Optimizing high-performance cloud computing to enable real-time high-throughput SARS-CoV-2 whole genome sequence analysis

Published in 28th International Dynamics & Evolution of Human Viruses, 2021

Recommended citation: Moshiri N (2021). "Optimizing high-performance cloud computing to enable real-time high-throughput SARS-CoV-2 whole genome sequence analysis." 28th International Dynamics & Evolution of Human Viruses. Poster.

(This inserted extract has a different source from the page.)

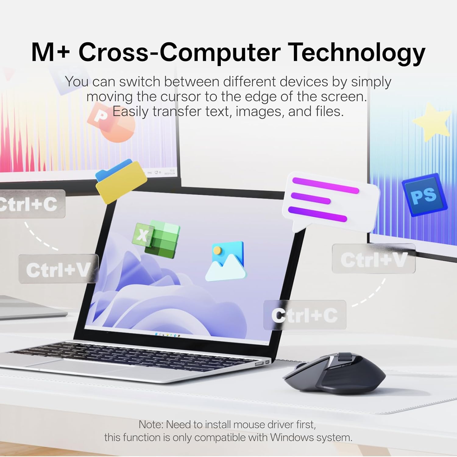 - 【M+ Cross-Computer】Seamless flow between screens by simply moving the cursor to the edge, wireless transferring files by copying from one computer and pasting on the other.
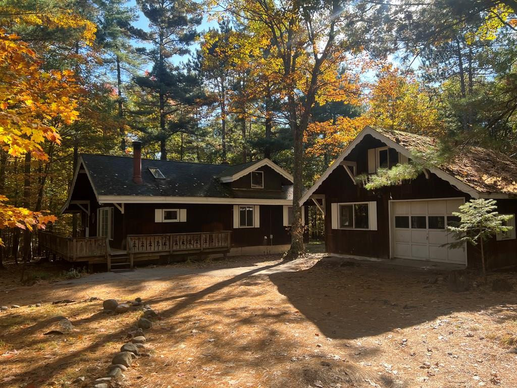 This 1300sq ft home has 3beds, 1.5 bath with a 1 car garage that is perfectly located in the Au Sable Acres with close proximity to Whiteface Mountain, Lake Placid and many hiking trails. This home features beautiful Adirondack arched windows with exposed beam Cathedral ceiling, new flooring and a large loft suite with a half bath. The front of the home has a large wrap around deck and large screened in porch entrance and amply trees for additional privacy from the lightly traveled road, the back yard opens up to a great area to entertain and is complete with a backyard fireplace. The one and half car dethatched garage provides room for a car and a small workshop while the loft in the garage provides space for additional storage. This home is currently vacant and ready to be customized for a new family or made into the perfect Adirondack retreat. This home is pre-inspected and priced to sell quickly. **Seller owns the adjacent lot which they would entertain selling to the next owner.

Throughout the COVID-19 pandemic, molecular epidemiology has proven vital to the surveillance of the spread of novel SARS-CoV-2 variants across the world. Such information can provide actionable public health information, but only if it can be provided in real-time. Advances in next-generation sequencing machines (e.g. Illumina NovaSeq) have enabled the generation of ultra-large SARS-CoV-2 whole genome sequence (WGS) datasets (close to 1,000 samples in a single run), but the sheer volume of data obtained poses a new challenge: how can standard Bioinformatics analysis workflows be executed rapidly enough to keep up? In this talk, I will present results of profiling that was performed on the steps of a standard SARS-CoV-2 WGS analysis workflow, and I will demonstrate a cloud-based high-performance computing setup implemented on the Google Cloud Platform for analyzing SARS-CoV-2 WGS datasets in bulk that is able to process close to 1,000 samples in under 2 hours.